Há o que pretendemos fazer e há o que fazemos...
- Por vezes, tens que ouvir trocando bês por vês! Vês?
- Não, não bejo! Queres dizer que Beja é Veja?
- Talvez!
- Ou, tal vês?
- Por exemplo, o verbo "acabar", se leres como "acavar"... "a cavar", faz algum sentido.
- Que sentido?
- O sujeito que terminava de cavar uma seara, diria "Cavei-a!" ou "A cavei!"... "Acavei", "Acabei"!
- Isso não tem ponta por onde se lhe pegue!
- Ponta?... não. Cabo! Dizer "acabo", ou dizer levei "a cabo", tem o mesmo sentido.
- Então já não precisas aí dos vês pelos bês? Agora é quê? O "cabo" da enxada?
- Não dá para explicar apenas com um ou dois exemplos! Considera agora "aceitar".
- Considero "janela"... isso indica "já nela"?
- Se queres falar, eu escuto. Queres ouvir ou falar?
- Fala lá... que deves perceber "fá-la lá!"
Fez-se uma pequena pausa de silêncio, misturado com sorrisos, e continuou.
- Mencionei "aceitar", onde "aceita" pode ser visto como "a ceita"!
- Tens muitas dessas, e não levam a lado nenhum...
- "Aceite" liga com "Azeite". Unção com azeite é um ritual de iniciação, um baptismo, de aceitação.
- Ridículo. Ligas isso a uma "ceita"?
- Sim. Repara ainda que soa como "sei ta", no sentido que a sei, que está sabido.
- Não faz nenhum sentido.
- Certo, pensa agora em "abaixar".
- Essa é óbvia, porque está "a baixar"... é óbvio que há prefixações válidas!
- Queres ouvir tudo?
- Tudo bem, mas só acho que não queres perceber que já percebi!

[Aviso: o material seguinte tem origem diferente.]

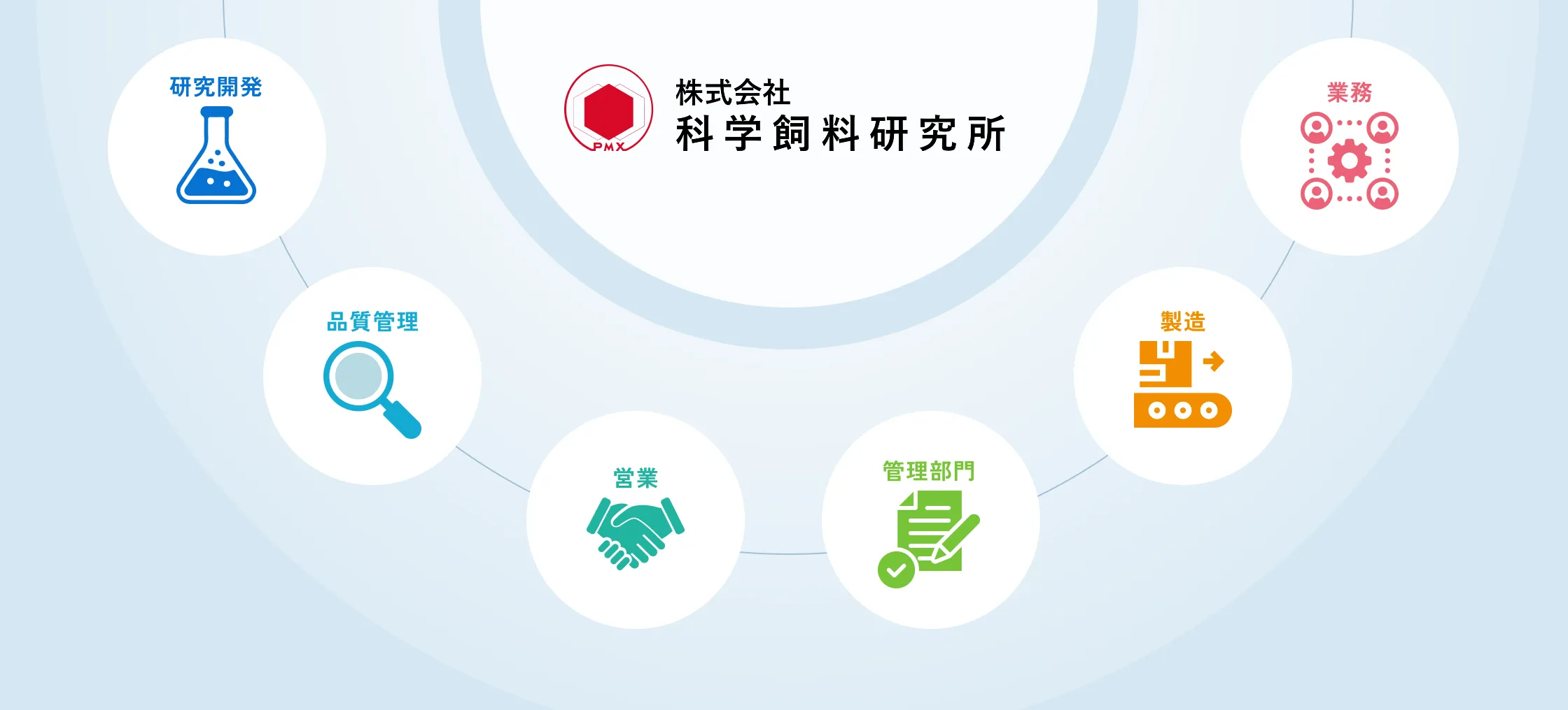 製造、営業、研究開発、品質管理、業務、管理部門の専門職種を通して、飼料・飼料添加物・動物用医薬品・動物用ワクチンなどを製造・販売するメーカーとして、お客さまの多様なニーズに対応できる体制を整え、JAグループの飼料・動物薬事業の一端を担っています。

- "Baixam" soa como "Vai chão", ou seja, algo baixo, rente ao chão.
- Nada de novo, apenas estás com jeito para imaginar coisas.
Mais um pequeno silêncio, e o outro continuou.
- Aconselho é levar "a conselho", e sim nada de especial, porque um conselho aconselha. Mas passamos à palavra "conselho", que sugere "com selho". O que é selho?
- Sei lá... tem significado?
- Tem, é o mesmo significado que "senho" ou "sinal". Creio que o "h" também nestes casos se pode ignorar, e assim "selho" é como um "selo", uma senha ou sinal. Portanto, um conselho não era apenas uma opinião, era uma opinião de quem estava outorgado por um "selo" profissional, ou brasão.
- Não é coincidência?
- Coincidência... vem de "co-incidir", incide em conjunto. O prefixo "co" ou "com" está sempre associado a um conjunto, a uma companhia. Quando incidem em conjunto, coincidem.
- Então e "incidir"?
- Já agora, nota o "conjunto" que é "com junto"...
- Sim, e companhia, o que é "panhia"?
- Uma de cada vez! Essa é mesmo reconhecido que o "h" cai, ficando "com pania", e supõe-se que se aplicava aos que partilhavam o mesmo pão, "pano", "pania".
- O original seria "compano" ou "compão"?
- Vai explorar... esta raiz não fui eu que a disse! Mas voltamos a "incidir", conforme sugeriste. Nesse caso pode ser variação de "in ceder", como em "ceder". Porque "ceder" é "se der", no sentido que vai dar de si. Ou melhor, o que "em si dê", ficaria "incide".
- Estás de novo a forçar tudo! O que "em si dá", seria uma quebra. Então e "decidir"...
- Como em "decido"?... pode-se ler "de si dou". Poderia até ser alternativo... do género "em si dou" (incido) ou "de si dou" (decido). Originalmente na alternativa, ou apanhavam, ou eram usados.
- Continuas no puro delírio?... e "delírio"?... é do lírio?
- Lírio... li e rio, de rir.
- Pois... Mas, no caso do "cedo", como distingues o "cedo" da manhã, do "cedo" de ceder?
- Concordas que quem "ceder" é como quem "se der"?
- Ok, posso aceitar... indo para essa ceita!
- Tens também "sedar" como num sedativo, para adormecer... para a pessoa "se dar" ao sono.
- Boa, mas não responde ao ser "cedo", como de manhã cedo.
- Respondi. O "cedo" seria relativo ao dormir, como em "sedar". Além disso, repara que o "dormir" soa como à "dor me ir", num sentido que indicaria uma vida penosa face ao sonho. Ou ainda, como num "dormente", em que a dor mente?
- Ridículo!
- Ri do culo?...
- Mera provocação!
- Provocar é "pro vocar", é para vocalizar. E terminando nos bês e vês, tens "vocal" e "bucal", num tempo em que "a voz" era dos "avós" dirigida "a vós".